OS: Even with having to relocate to Summit, Used Kids has also remained an active institution in Columbus despite almost every other business mentioned in your book falling prey to urban development. What do you think keeps that store as such a special lynchpin? What does the store mean to you now personally?
BKK: I left the store in 2006/2007, so I have almost been away from it for as long as I worked there at this stage of my life.
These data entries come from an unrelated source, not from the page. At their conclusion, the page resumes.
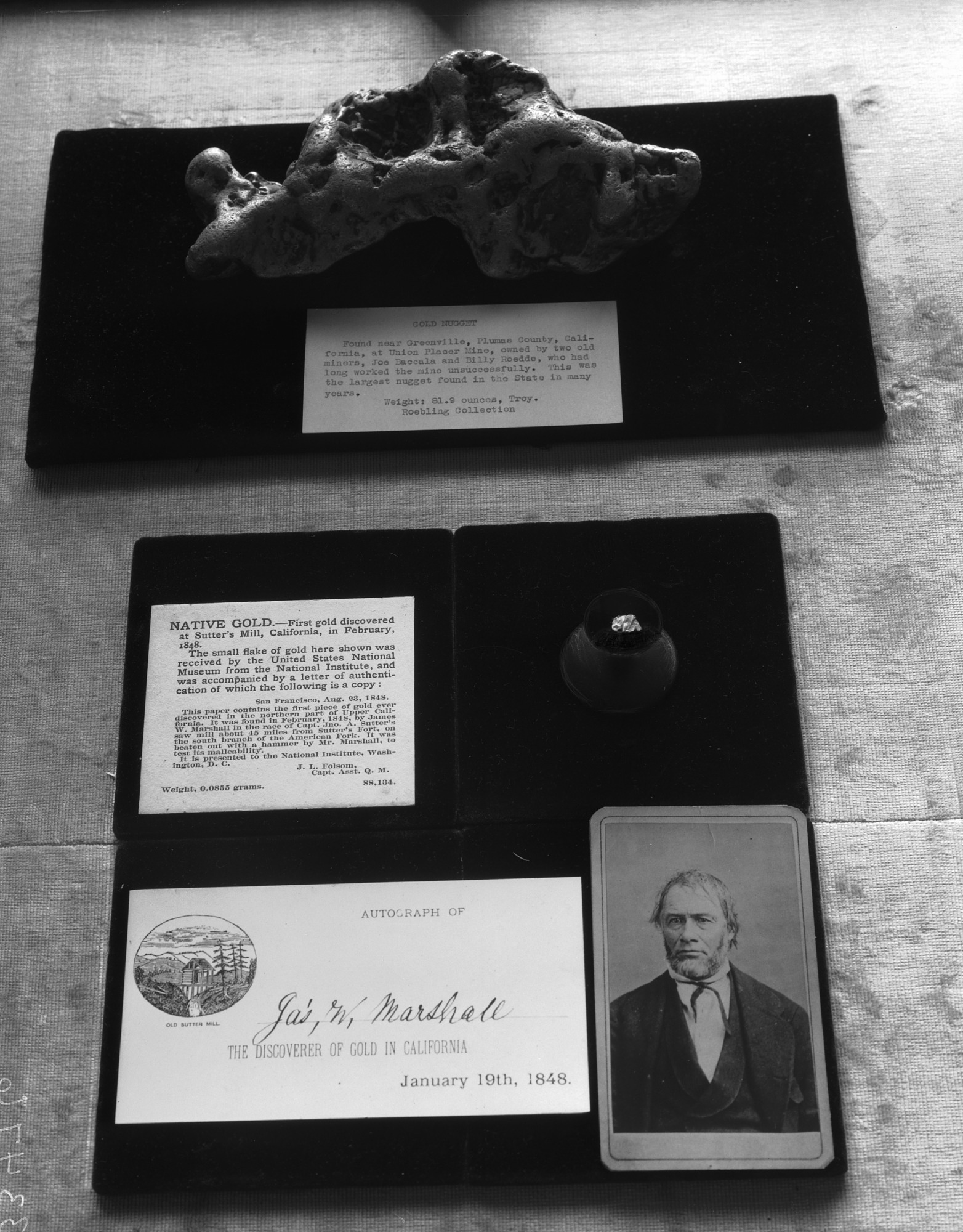 Exhibit in the Gems and Minerals Hall showing a flake of the first gold discovered at Sutter's Mill, California, February 1848, by James W. Marshall, photo of James W. Marshall, and a copy of the letter of authentication. Also, from the Roebling Collection, the largest gold nugget found in many years near Greenville, Plumas County, California, at Union Placer Mine, owned by two old miners, Joe Dacoala and Bill Roedde.
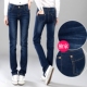 春季宽松直筒牛仔裤女深色大码宽腿长裤弹力显瘦休闲阔腿裤加长版
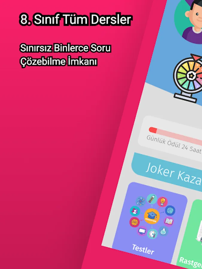 With 8th Grade Lectures All Lessons, you can solve thousands of questions as much as you want, you can follow the subject from the lecture section on the subjects you are stuck with, or you can use one of the 2 different wildcard rights. 8th Grade Tell a Topic You can take part in the Leaderboard with the points you earn from the questions you have solved in all the lessons, and you can also discuss the questions you are stuck with in the question discussion section for discussion with your friends.
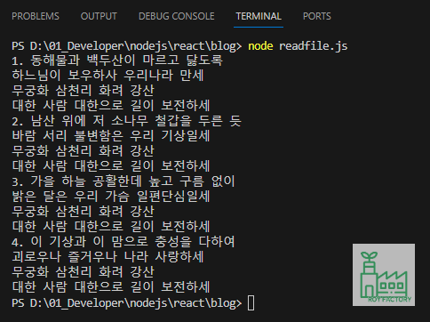 const data = fs.readFileSync("readfile.txt", "utf-8");
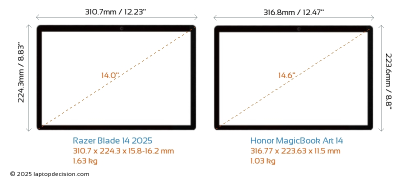 HDMIAmbos Blade 14 2025 y MagicBook Art 14 cuentan con un puerto HDMI (1x HDMI 2.1) para conectar a monitores externos.
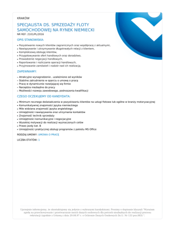 KRAKÓW SPECJALISTA DS. SPRZEDAŻY FLOTY SAMOCHODOWEJ NA RYNEK NIEMIECKI NR REF: 2101/PL/2016 OPIS STANOWISKA: ● ● ● ● ● ● ● Pozyskiwanie nowych klientów zagranicznych oraz współpracę z aktualnymi, Nawiązywanie i utrzymywanie długotrwałych relacji z klientem, Kompleksową obsługę klientów, Przygotowywanie ofert handlowych oraz doradztwo, Prowadzenie negocjacji handlowych, Raportowanie i rozliczanie operacji handlowych, Przyjmowanie zamówień i nadzór nad ich realizacją. ZAPEWNIAMY: ● ● ● ● ● Atrakcyjne wynagrodzenie , uzależnione od wyników Stabilne zatrudnienie w oparciu o umowę o pracę Pracę w dynamicznie rozwijającej się firmie Narzędzia niezbędne do pracy Możliwości rozwoju zawodowego, podnoszenia kwalifikacji CZEGO OCZEKUJEMY OD KANDYDATA: ● ● ● ● ● ● ● ● ● Minimum rocznego doświadczenia w pozyskiwaniu klientów na usługi flotowe lub ogólne w branży motoryzacyjnej Komunikatywnej znajomości języka niemieckiego Mile widziana znajomość języka angielskiego Umiejętności nawiązywania oraz utrzymania kontaktów Znajomość technik sprzedaży Umiejętności komunikacyjne i negocjacyjne Wysokiej motywacji do realizacji wyznaczonych celów Prawo jazdy kat. B Umiejętności praktycznej obsługi programów z pakietu MS Office RODZAJ UMOWY: UMOWA O PRACĘ LICZBA ETATÓW: 1 Uprzejmie informujemy, że skontaktujemy się jedynie z wybranymi kandydatami. Prosimy o dopisanie klauzuli "Wyrażam zgodę na przechowywanie i przetwarzanie moich danych osobowych dla potrzeb niezbędnych do realizacji procesu rekrutacji (zgodnie z Ustawą z dnia 29.08.97 r. o Ochronie Danych Osobowych Dz.U. Nr 133 poz.883) ".
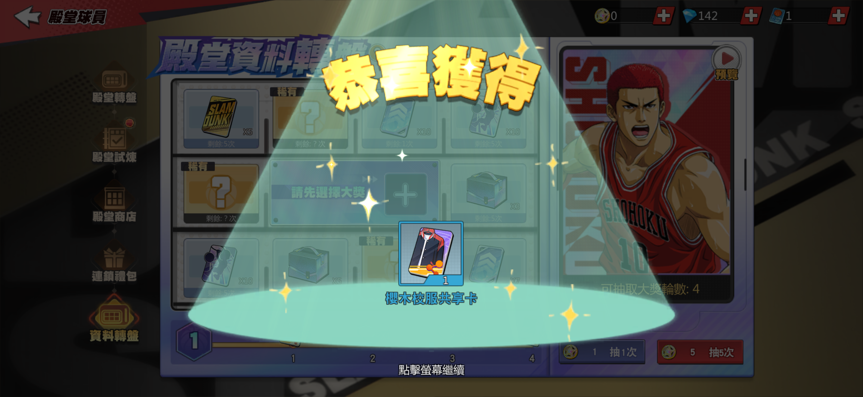 新增殿堂櫻木 拉到S未點技能
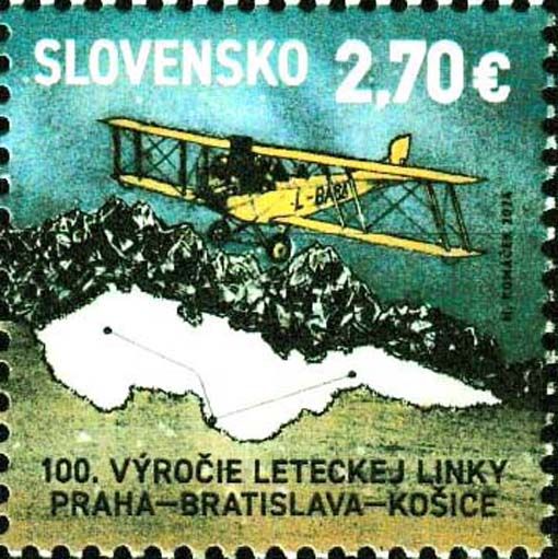 36 Slowakei - Einzelmarke „100 Jahre Flugverbindung Prag – Bratislava - Kosiče“, Mi.-Nr. 1019 Aero A.14 von ČSA -
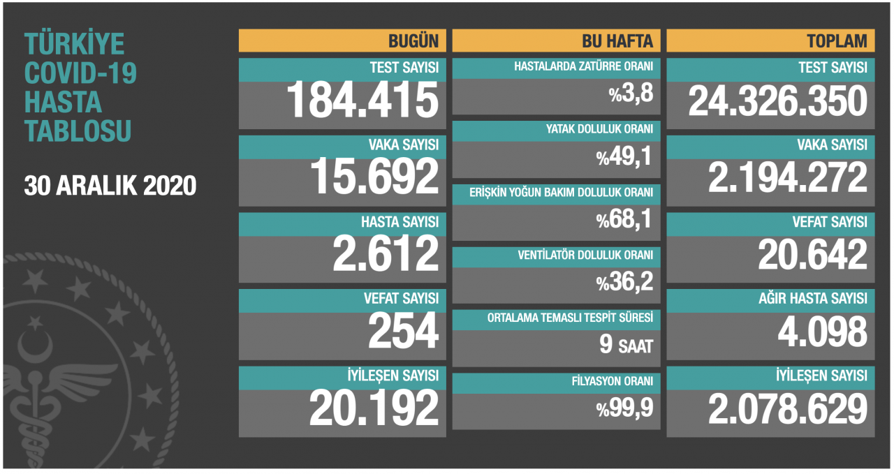 Türkiye’de son 24 saatte 184 bin 415 Kovid-19 testi yapıldı, 15 bin 692 kişinin testi pozitif çıktı, 254 kişi hayatını kaybetti.

And everyone who worked there when I did have left, none of the original owners or staff works there any longer. I go in about three times a month and it is different, mainly because I am now buying records when I used to get them for free! I think bookstores and record stores offer a physical place to see and feel people and artifacts that touch and move us. These things are important, experiences should be varied and unique, this is what we lose by consolidation of one-stop shopping, Amazon may be convenient and cheap but it robs us of human interaction. I get some of this by going to my favorite bookstore—Two Dollar Radio HQ in Columbus, a few record stores and my favorite coffee shop.
Although, for a number of years after leaving the store it was too painful for me to go back or go to any record store for that matter. When I left it was an ugly situation between the main owner and myself—I was a minority owner, I haven’t written about this because it’s not that important to my overall story and life arc—the circumstances of me leaving, but I’d rather focus on the wonderful experiences the store allowed me to be a part of. For me, the current store is somewhere I buy records at, but the only things I have any emotional connection to are some of the posters and flyers on the walls.
OS: You recently hinted at some incoming Jenny Mae news coming soon, can you share at all what those plans are?
BKK: I got a divorce a few years ago and in moving I found some of her earliest recordings as well and some of the recordings she made on a third record that never got made—we have two songs from that. When I was talking with Joe from Don Giovanni over the past few years we decided to try to put a record of her singles—she recorded a lot of singles and songs for compilations in the 90’s— when the book comes out in August. So, we are working on it now.
There are no master recordings for any of her music, she lost almost all her belongings when she was homeless so some of these are direct from the vinyl pressings. A few of the songs were recorded when she was homeless, she would record with various people in Columbus and then go back to the homeless camp where she lived. Sean Woosley recorded her last song about six months before she died, and the record will have that on it as well.